- Leader: Jure Pogačnik
- Founded: 28 March 2018
- Headquarters: Spodnji Rudnik II 33 1000 Ljubljana
- Ideology: Vaccine hesitancy Anti-5G Antiglobalism Anti-immigration
- Colours: Orange, White
- National Assembly: 0 / 90
- European Parliament: 0 / 9

Website
- zazdravodruzbo.si

= For a Healthy Society =

Za zdravo družbo (For a Healthy Society) is a Slovenian political party established on 26 March 2018.

The civil-society, non-party movement Gibanje Zdrava družba (Healthy Society Movement) participated in the 2022 parliamentary elections under the name Non-party People's List of the Healthy Society Movement.

== National Assembly elections ==

=== 2018 parliamentary election ===

The party participated in the election and received 0.62% of the vote.

=== 2022 parliamentary election ===

In the 2022 election, the party's successor, the civil-society movement Healthy Society, ran under the name Non-party People's List of the Healthy Society Movement.

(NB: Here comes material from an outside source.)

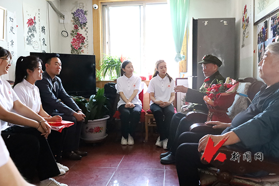 5月15日,米兰“钢花”新时代大学生理论宣讲团一行8人来到鞍山市铁东区老兵广场,拜访功勋老兵徐殿义,聆听老英雄讲述解放战争时期的革命故事。
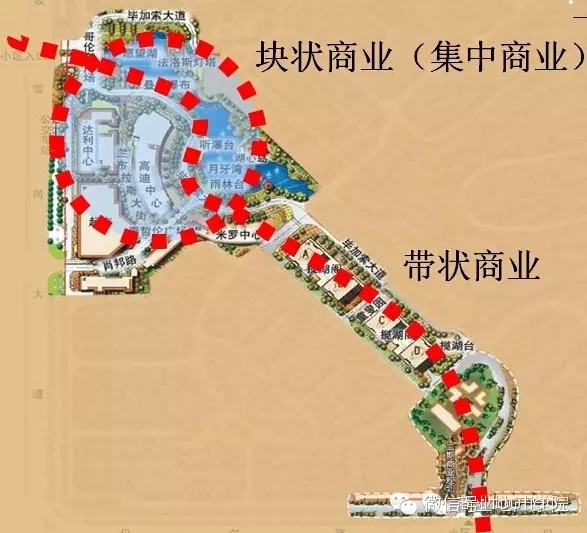 3、块状商业有利于加强商家的集聚功能,让客户感受到“场域效应” ;条状商业便于布置商业街,将购物与休闲结合在一起。

They received 21,021 votes, or 1.76%. For the first time in Slovenia’s history, a non-party movement successfully ran for elections using a non-party list procedure by collecting 8,000 voter signatures – at least 1,000 in each electoral district. They submitted 13,500 signatures in total.

=== 2026 parliamentary election ===

In the 2026 election, it was a part of the Alternative for Slovenia alliance along with None of This. The alliance received 4,785 votes (0.41%) and no seats.

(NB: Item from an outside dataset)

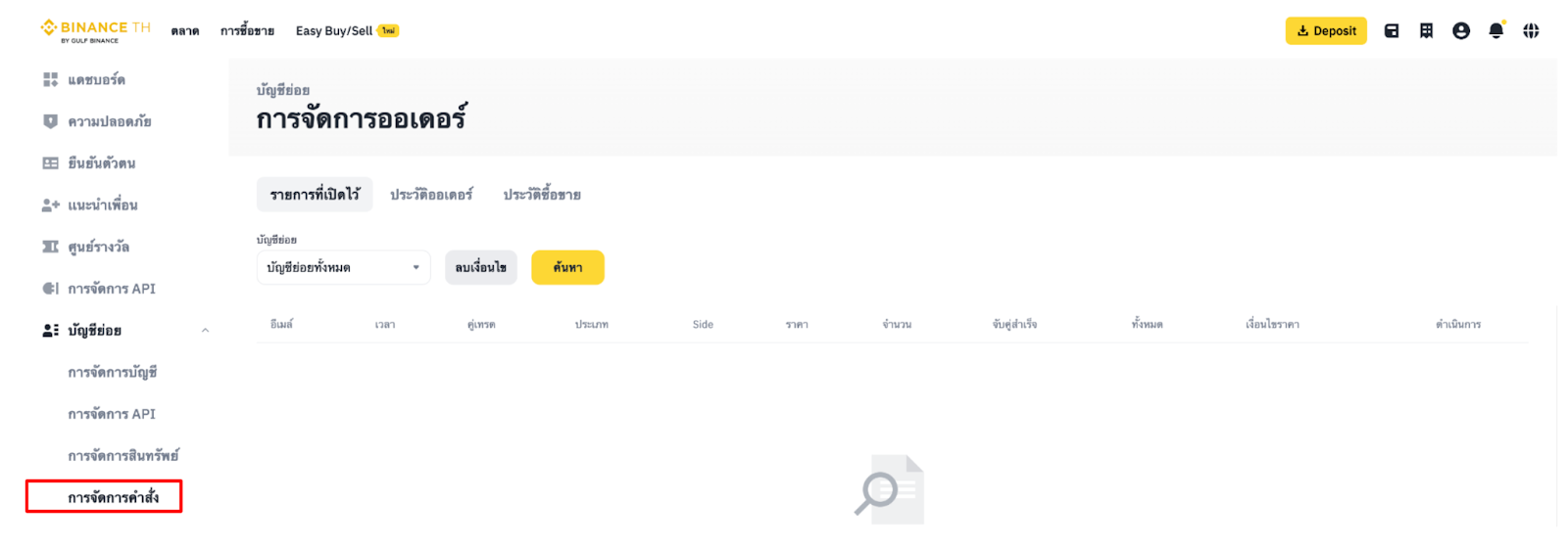 1.1 ไปที่ [การจัดการคำสั่ง] - [ประวัติซื้อขาย]

== Presidential election ==

=== 2022 presidential election ===

The Healthy Society Movement intended to nominate Boris Vene, an author and personal development expert, as their presidential candidate. However, he did not file his candidacy due to an insufficient number of collected signatures.

== Policy positions ==
According to its own statements, the party opposes "the Davos agenda (WEF), the World Health Organization (WHO) and the global centers of power. We reject the ideas of global depopulation and deindustrialization of Europe, we reject the ideas of a new world order and digital totalitarianism." The party has promoted George Soros conspiracy theories.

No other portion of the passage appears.